Work to complete: Where does the word "using" show up in the records? Copy every line that has it.

Listed records:
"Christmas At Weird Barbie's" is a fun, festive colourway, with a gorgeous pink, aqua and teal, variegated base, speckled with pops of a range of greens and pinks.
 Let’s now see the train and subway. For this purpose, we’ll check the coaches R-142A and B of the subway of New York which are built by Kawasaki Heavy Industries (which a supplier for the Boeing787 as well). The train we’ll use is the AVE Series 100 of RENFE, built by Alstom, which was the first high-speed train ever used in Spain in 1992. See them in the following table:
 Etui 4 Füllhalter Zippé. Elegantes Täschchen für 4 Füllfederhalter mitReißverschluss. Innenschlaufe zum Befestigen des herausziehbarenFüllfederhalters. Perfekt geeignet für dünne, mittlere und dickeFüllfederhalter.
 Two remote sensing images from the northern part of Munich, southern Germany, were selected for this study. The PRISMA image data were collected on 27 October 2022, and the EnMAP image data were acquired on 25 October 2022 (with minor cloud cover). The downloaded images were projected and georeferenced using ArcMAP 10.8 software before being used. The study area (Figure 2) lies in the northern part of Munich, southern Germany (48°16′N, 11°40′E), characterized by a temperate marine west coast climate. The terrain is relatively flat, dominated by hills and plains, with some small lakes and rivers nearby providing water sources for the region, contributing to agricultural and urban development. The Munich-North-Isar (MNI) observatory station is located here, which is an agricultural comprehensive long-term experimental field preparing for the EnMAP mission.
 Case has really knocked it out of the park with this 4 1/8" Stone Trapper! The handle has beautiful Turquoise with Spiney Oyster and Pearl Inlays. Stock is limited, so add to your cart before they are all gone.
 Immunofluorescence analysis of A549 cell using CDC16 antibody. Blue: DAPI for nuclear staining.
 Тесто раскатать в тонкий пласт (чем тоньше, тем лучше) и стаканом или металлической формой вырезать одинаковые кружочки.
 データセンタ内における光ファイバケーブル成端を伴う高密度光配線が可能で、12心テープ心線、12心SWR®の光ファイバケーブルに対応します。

Task response:
 Two remote sensing images from the northern part of Munich, southern Germany, were selected for this study. The PRISMA image data were collected on 27 October 2022, and the EnMAP image data were acquired on 25 October 2022 (with minor cloud cover). The downloaded images were projected and georeferenced using ArcMAP 10.8 software before being used. The study area (Figure 2) lies in the northern part of Munich, southern Germany (48°16′N, 11°40′E), characterized by a temperate marine west coast climate. The terrain is relatively flat, dominated by hills and plains, with some small lakes and rivers nearby providing water sources for the region, contributing to agricultural and urban development. The Munich-North-Isar (MNI) observatory station is located here, which is an agricultural comprehensive long-term experimental field preparing for the EnMAP mission.
 Immunofluorescence analysis of A549 cell using CDC16 antibody. Blue: DAPI for nuclear staining.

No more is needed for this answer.